BEGIN

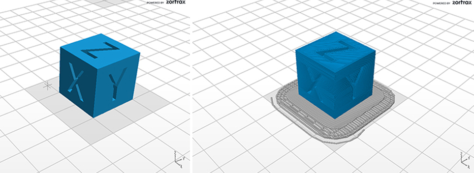 We did a “XYZ 20mm Calibration Cube” test using the downloaded file and prepare the Z-Code with this parameters:
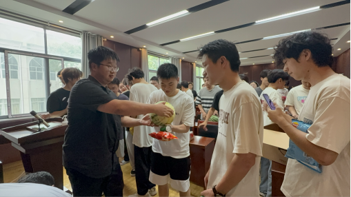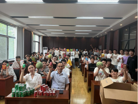 活动现场,精心准备的西瓜、汽水和各类消暑零食有序摆放。公司党委书记陆新在为同学们送上西瓜、汽水时细心叮嘱员工们暑期高温天气要及时补水,务必注意劳逸结合,身体才是学业进步的根基。
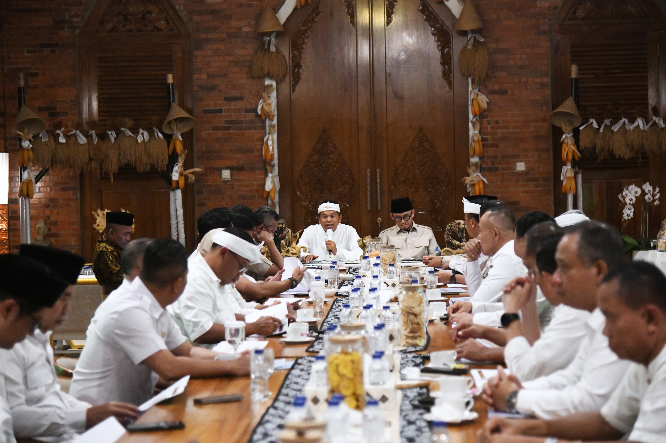 SUBANG.pesanjabar.com – Gubernur Jawa Barat, Dedi Mulyadi, memimpin rapat koordinasi terkait kebijakan penurunan kuota haji tahun 2026 yang digelar di Lembur Pakuan, Kecamatan Dawuan, Subang, pada Rabu (3/12/2025). Rapat tersebut dihadiri Wakil Menteri Haji dan Umrah RI, Dahnil Anzar Simanjuntak, serta Sekretaris Daerah Kabupaten Subang, H. Asep Nuroni, yang hadir mewakili Bupati Subang.
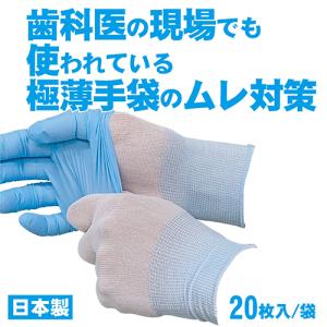 手荒れ予防 ムレ対策 ナイロン製下履き手袋 手汗対策 ゴム手用極薄インナー手袋 20枚入り(左右兼用) SG-818
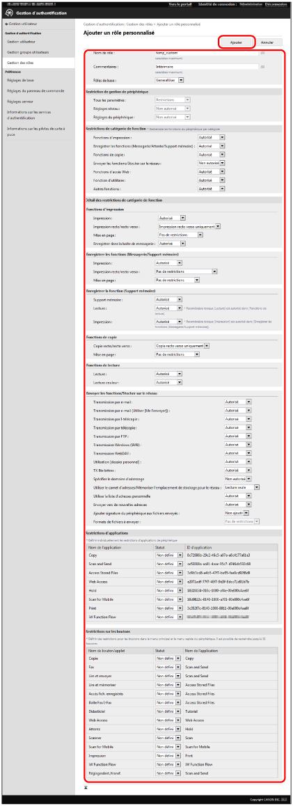 [Restriction de gestion de périphérique] | Définir les restrictions sur les privilèges de gestion de périphérique. [Tous les paramètres]: Si l'on règle ce paramètre sur [Pas de restrictions], les privilèges de gestion de périphérique ne font l'objet d'aucune restriction, et ce quels que soient les réglages définis sous [Réglages du périphérique] et [Réglages réseau]. (Les privilèges de gestion de périphérique correspondent à ceux du rôle [Administrator].) Si l'on règle ce paramètre sur [Restrictions], les privilèges de gestion de périphérique sont limités en fonction des réglages définis sous [Réglages du périphérique] et [Réglages réseau]. (Même si [Réglages du périphérique] et [Réglages réseau] sont tous les deux réglés sur [Pas de restrictions], les privilèges de gestion de périphérique ne correspondent pas à ceux du rôle [Administrator].) [Réglages réseau]: Sélectionner [Pas de restrictions]/[Non autorisé] pour les privilèges de gestion de périphérique de chacune des catégories de réglages réseau. [Réglages du périphérique]: Sélectionner [Pas de restrictions]/[Non autorisé] pour les privilèges de gestion de périphérique de chacune des catégories de réglages de périphérique. | Il est possible de définir si [Administrator] est réglé pour [Rôles de base]. |
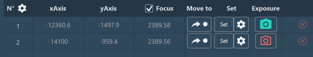 - Focus or Z-axis: Use the focus value used for the selection of the positions. If the checkbox is not selected, the current focus value of the microscope will be used.
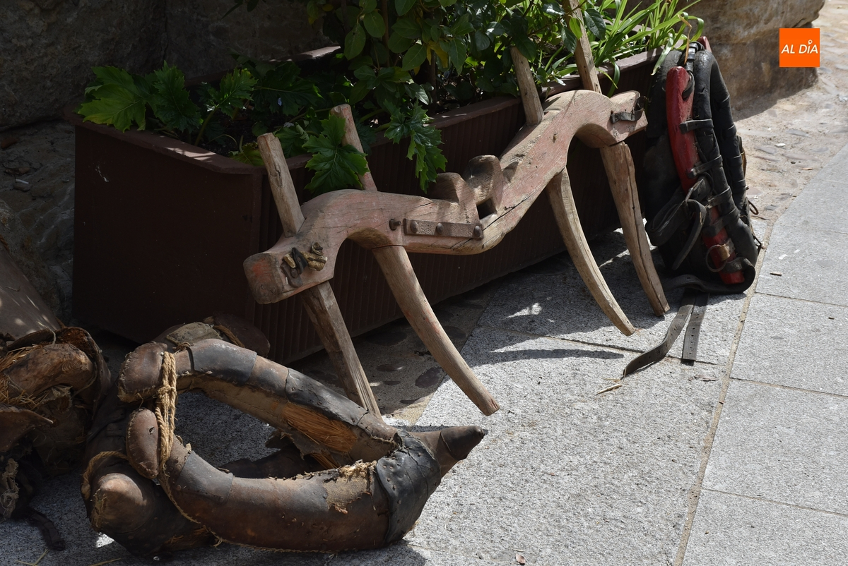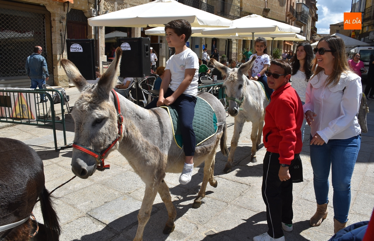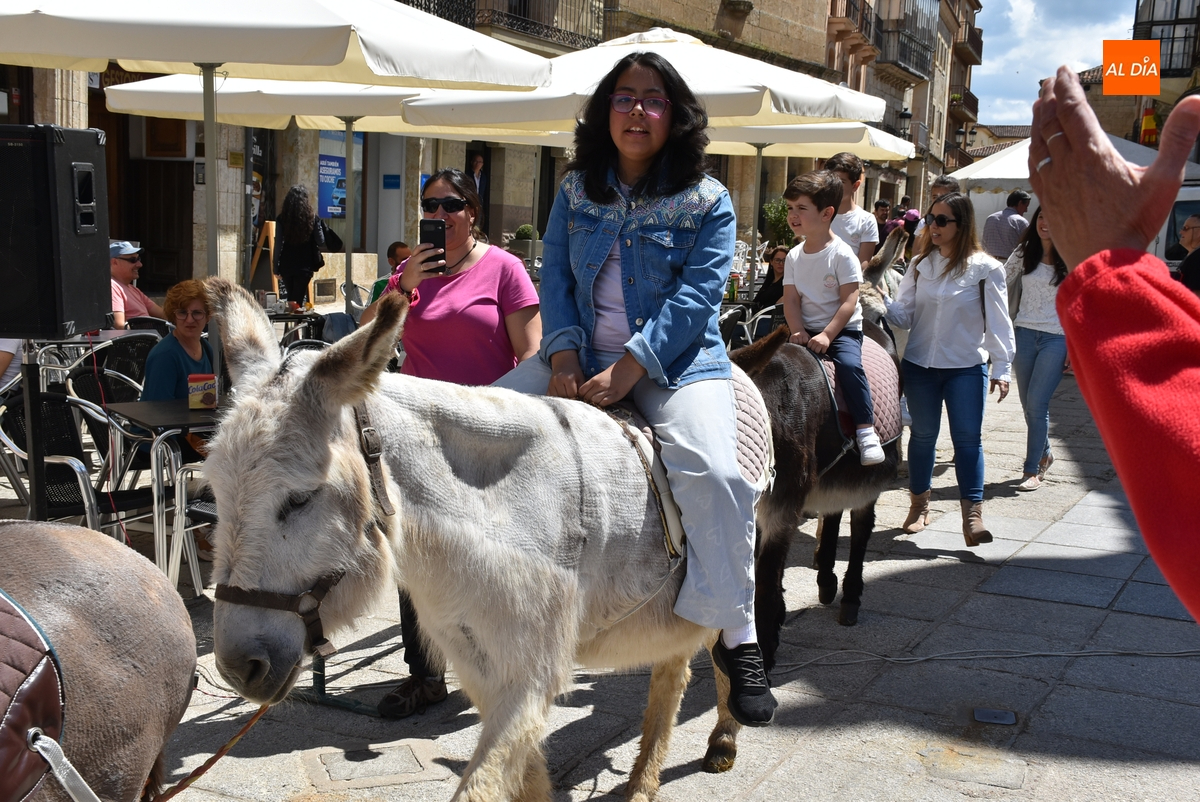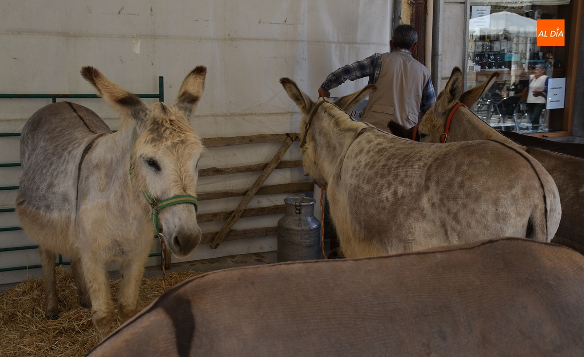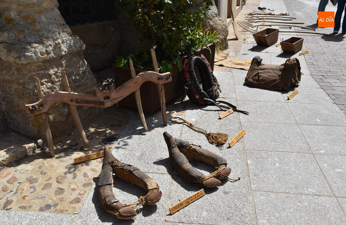 Ya en la Rúa del Sol se pudieron encontrar más animales, los de Burritos Las Cogotas (encima de los cuales se pudieron subir los niños que quisieron) y los de la Asociación Ornitológica Mirobrigense, bajo una carpa. Como complemento, había varios aperos de campo y de labranza antiguos (cada uno de ellos con su correspondiente identificación), y un par de remolques agrícolas.

END

Problem description:
Your task is a word-for-word transcription of the entries, leaving out all pictures.

Solved problem:
 We did a “XYZ 20mm Calibration Cube” test using the downloaded file and prepare the Z-Code with this parameters:
 活动现场,精心准备的西瓜、汽水和各类消暑零食有序摆放。公司党委书记陆新在为同学们送上西瓜、汽水时细心叮嘱员工们暑期高温天气要及时补水,务必注意劳逸结合,身体才是学业进步的根基。
 SUBANG.pesanjabar.com – Gubernur Jawa Barat, Dedi Mulyadi, memimpin rapat koordinasi terkait kebijakan penurunan kuota haji tahun 2026 yang digelar di Lembur Pakuan, Kecamatan Dawuan, Subang, pada Rabu (3/12/2025). Rapat tersebut dihadiri Wakil Menteri Haji dan Umrah RI, Dahnil Anzar Simanjuntak, serta Sekretaris Daerah Kabupaten Subang, H. Asep Nuroni, yang hadir mewakili Bupati Subang.
 手荒れ予防 ムレ対策 ナイロン製下履き手袋 手汗対策 ゴム手用極薄インナー手袋 20枚入り(左右兼用) SG-818
 [Restriction de gestion de périphérique] | Définir les restrictions sur les privilèges de gestion de périphérique. [Tous les paramètres]: Si l'on règle ce paramètre sur [Pas de restrictions], les privilèges de gestion de périphérique ne font l'objet d'aucune restriction, et ce quels que soient les réglages définis sous [Réglages du périphérique] et [Réglages réseau]. (Les privilèges de gestion de périphérique correspondent à ceux du rôle [Administrator].) Si l'on règle ce paramètre sur [Restrictions], les privilèges de gestion de périphérique sont limités en fonction des réglages définis sous [Réglages du périphérique] et [Réglages réseau]. (Même si [Réglages du périphérique] et [Réglages réseau] sont tous les deux réglés sur [Pas de restrictions], les privilèges de gestion de périphérique ne correspondent pas à ceux du rôle [Administrator].) [Réglages réseau]: Sélectionner [Pas de restrictions]/[Non autorisé] pour les privilèges de gestion de périphérique de chacune des catégories de réglages réseau. [Réglages du périphérique]: Sélectionner [Pas de restrictions]/[Non autorisé] pour les privilèges de gestion de périphérique de chacune des catégories de réglages de périphérique. | Il est possible de définir si [Administrator] est réglé pour [Rôles de base]. |
 - Focus or Z-axis: Use the focus value used for the selection of the positions. If the checkbox is not selected, the current focus value of the microscope will be used.
 Ya en la Rúa del Sol se pudieron encontrar más animales, los de Burritos Las Cogotas (encima de los cuales se pudieron subir los niños que quisieron) y los de la Asociación Ornitológica Mirobrigense, bajo una carpa. Como complemento, había varios aperos de campo y de labranza antiguos (cada uno de ellos con su correspondiente identificación), y un par de remolques agrícolas.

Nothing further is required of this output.